Don't take it the wrong way, but if you find $300 expensive then i suggest staying away from SW, even for a used setup. I am not trying to discourage you, but rather giving you advice that it is an expensive hobby that will have problems if you go into it expecting to be on a budget.


----------



## smcx (Mar 31, 2012)

It is expensive. I've probably spent $1500 on my 14gallon bio cube, and that much again on my 34 solana. Neither have sumps! (But I wish they did)


----------



## fesso clown (Nov 15, 2011)

You can totally house a couple of clowns, along with a couple of other smaller fish like gobies along with some nice rock and choice corals in a 20 gallon. With a sump you're getting like 2/3 more water volume.
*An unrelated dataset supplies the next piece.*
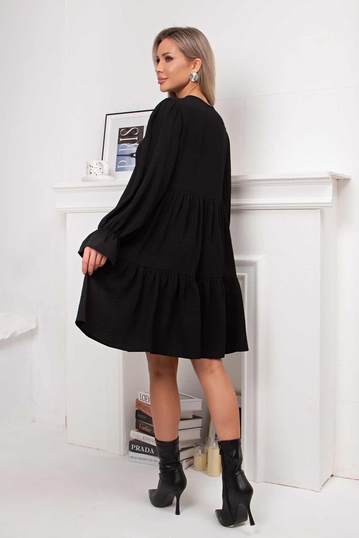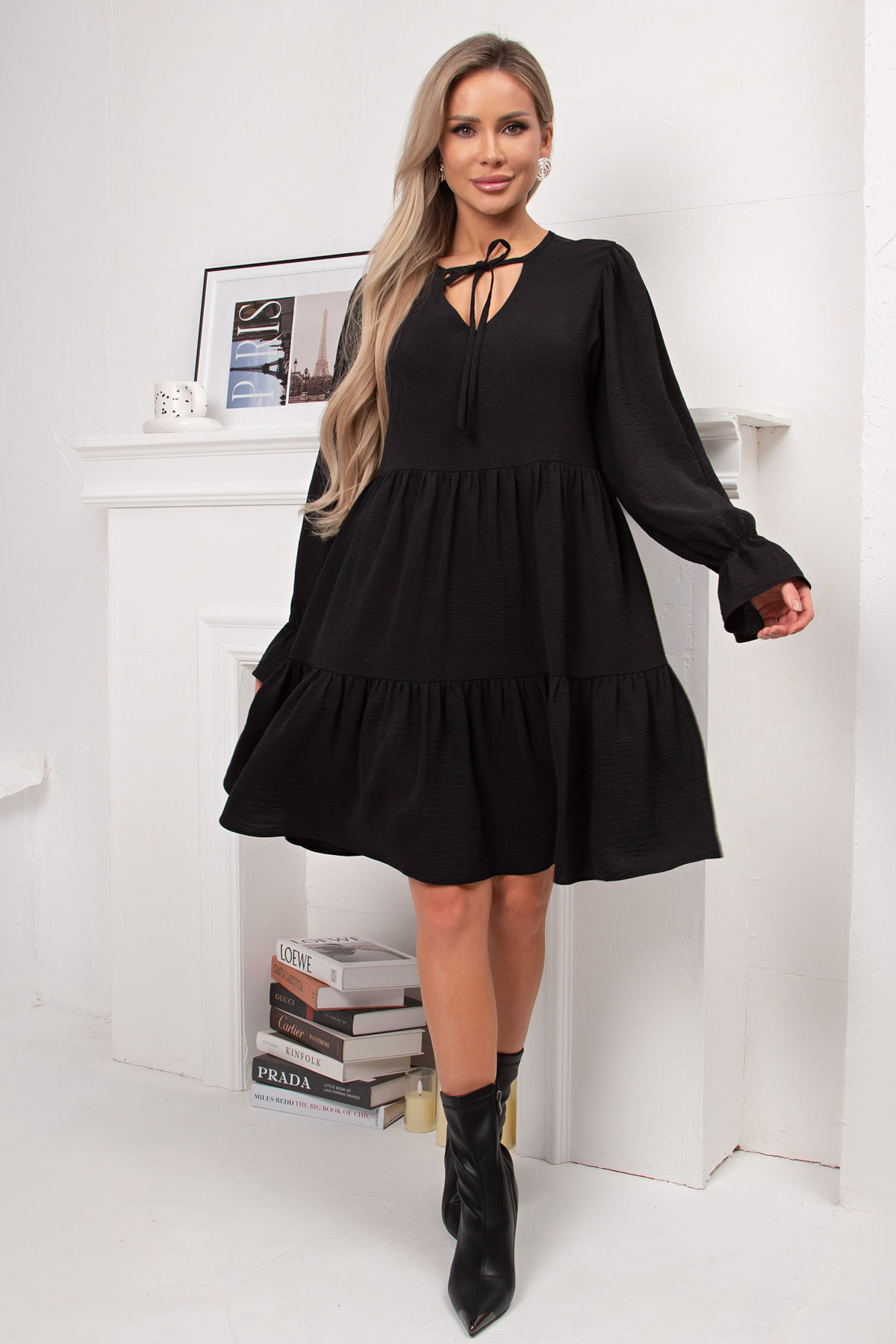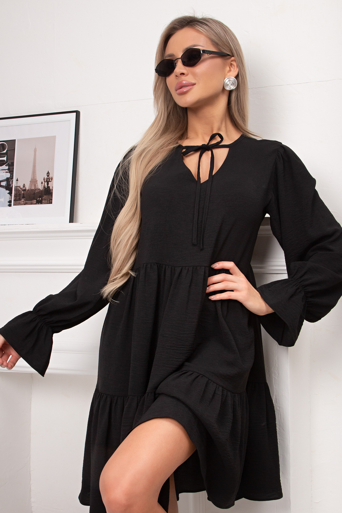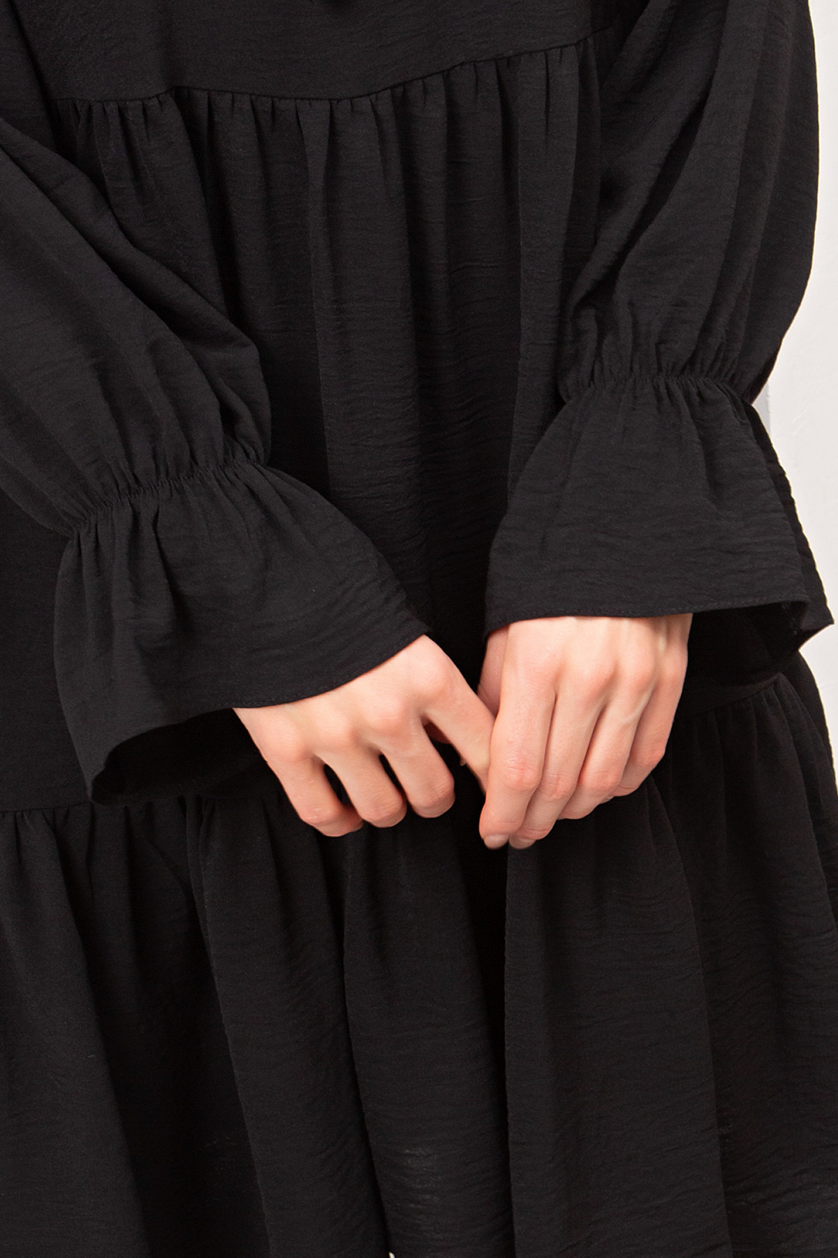 Женственное платье А- силуэта выполнено из легкой плательной ткани с эффектом жатки. Длинный втачной рукав, по запястью присобран на резинку. V-образную горловину на внутренней обтачке дополняет тонкая завязка.

I think a sump is essential (for me) with a smaller tank because you can hide all the equipment down there and leave more space up there.


----------



## explor3r (Mar 14, 2010)

Welcome to the salty side and welcome to Canada and as some members say this is an EXPENSIVE hobby and you will always spend more than you planning.
I totally agree with 50seven go as big as you can small tanks seem to be more a challenge even for experts, I think a 20 long tank is a good tank to start but again thats just my opinion.
Im sure you will find good advise and help from GTTAA members.
Planning is the key and remember in this hobby nothing happens from night to day


----------



## Toofem (Jan 20, 2013)

*Nano tanks*

At the Coral Reef shop here in Burlington, they sell nano tanks, where they have a sample with nemo in it... They make it a plug and play sort of deal, you may consider something like that...



Vangelis21 said:


> How small can we go but still having a fully functional and entertaining tank with at least 2 clown fish (nemo)? i am thinking it might be a good idea in order to save money and keep myself busy until I am prepared for bigger stuff


----------



## notclear (Nov 5, 2011)

20G long tank should be good to start as I started from one 15G, then add another 15G, then add yet another 35G, and finally integrated all those into my existing setup 160G.


----------